▸ **Material for the task**
BEGIN

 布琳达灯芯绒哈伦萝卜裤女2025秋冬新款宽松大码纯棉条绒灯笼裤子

END
BEGIN

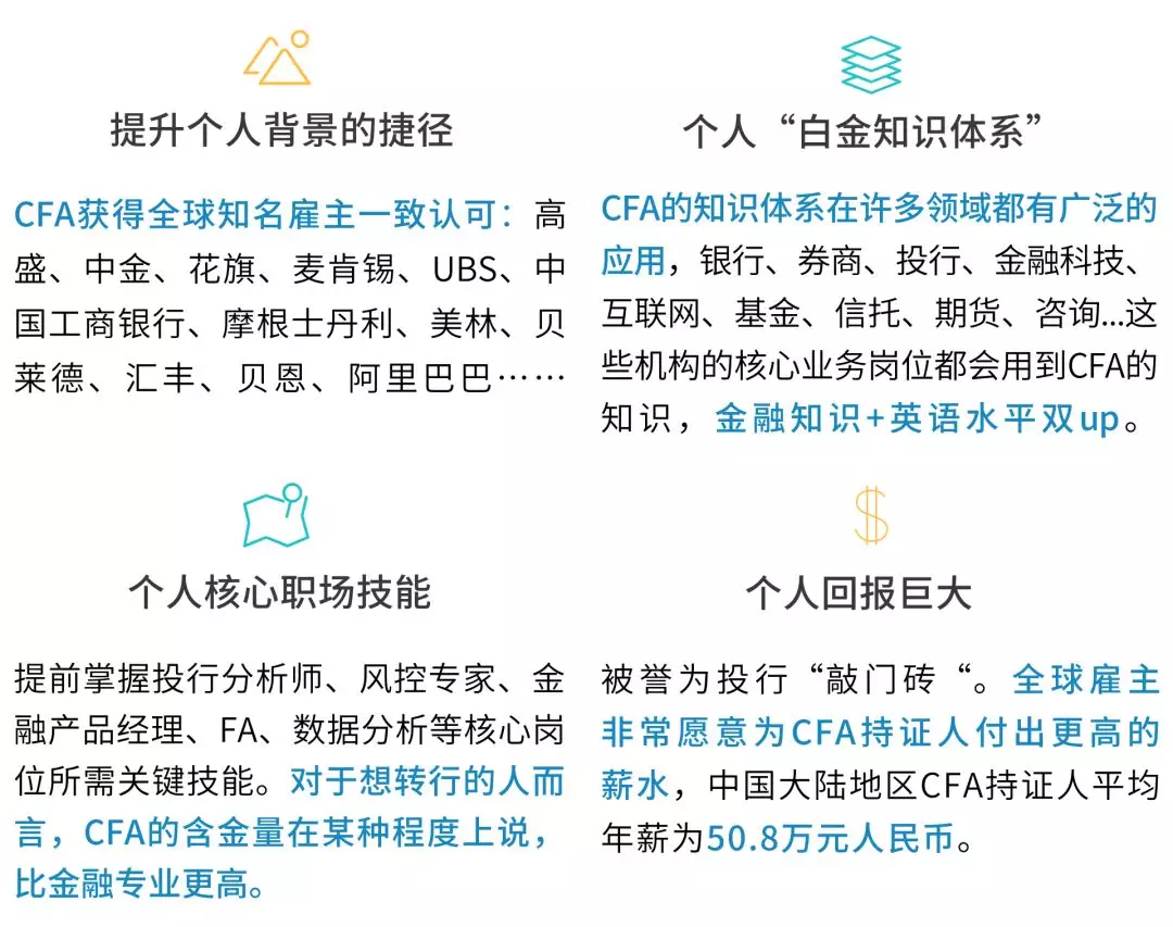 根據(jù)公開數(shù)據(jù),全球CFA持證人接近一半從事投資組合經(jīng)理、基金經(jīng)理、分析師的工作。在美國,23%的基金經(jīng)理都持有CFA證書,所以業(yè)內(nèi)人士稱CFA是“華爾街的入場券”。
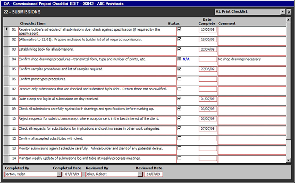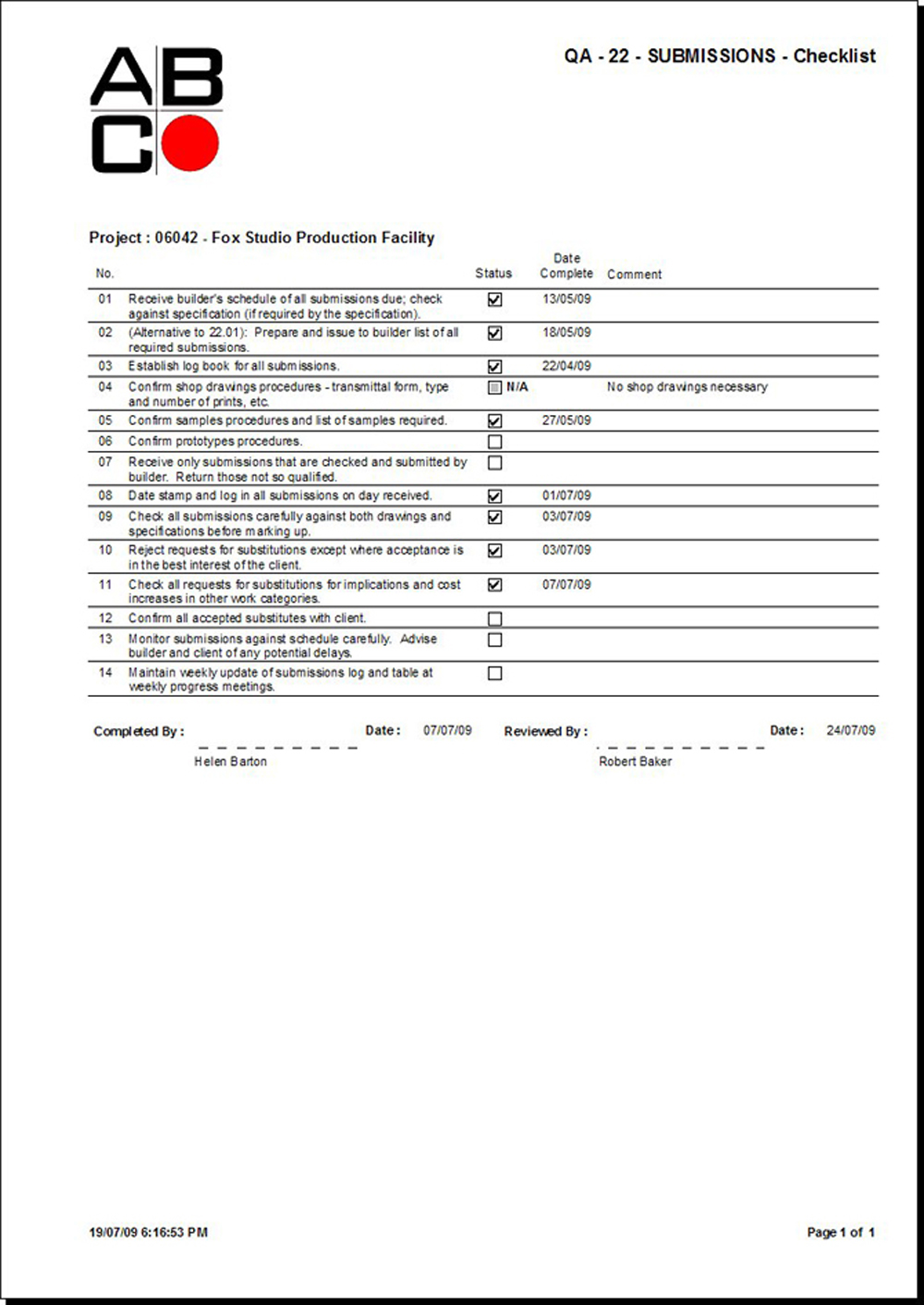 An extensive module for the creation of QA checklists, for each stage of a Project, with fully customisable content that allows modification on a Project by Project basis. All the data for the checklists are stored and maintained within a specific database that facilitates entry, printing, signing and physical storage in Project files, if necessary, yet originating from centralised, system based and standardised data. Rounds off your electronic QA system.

END

Copy out the listing above from the line containing "根據(jù)公開數(shù)" to the line containing "An extensive module", both included, exactly as written and minus the images.

▸ **Exercise result**
 根據(jù)公開數(shù)據(jù),全球CFA持證人接近一半從事投資組合經(jīng)理、基金經(jīng)理、分析師的工作。在美國,23%的基金經(jīng)理都持有CFA證書,所以業(yè)內(nèi)人士稱CFA是“華爾街的入場券”。
 An extensive module for the creation of QA checklists, for each stage of a Project, with fully customisable content that allows modification on a Project by Project basis. All the data for the checklists are stored and maintained within a specific database that facilitates entry, printing, signing and physical storage in Project files, if necessary, yet originating from centralised, system based and standardised data. Rounds off your electronic QA system.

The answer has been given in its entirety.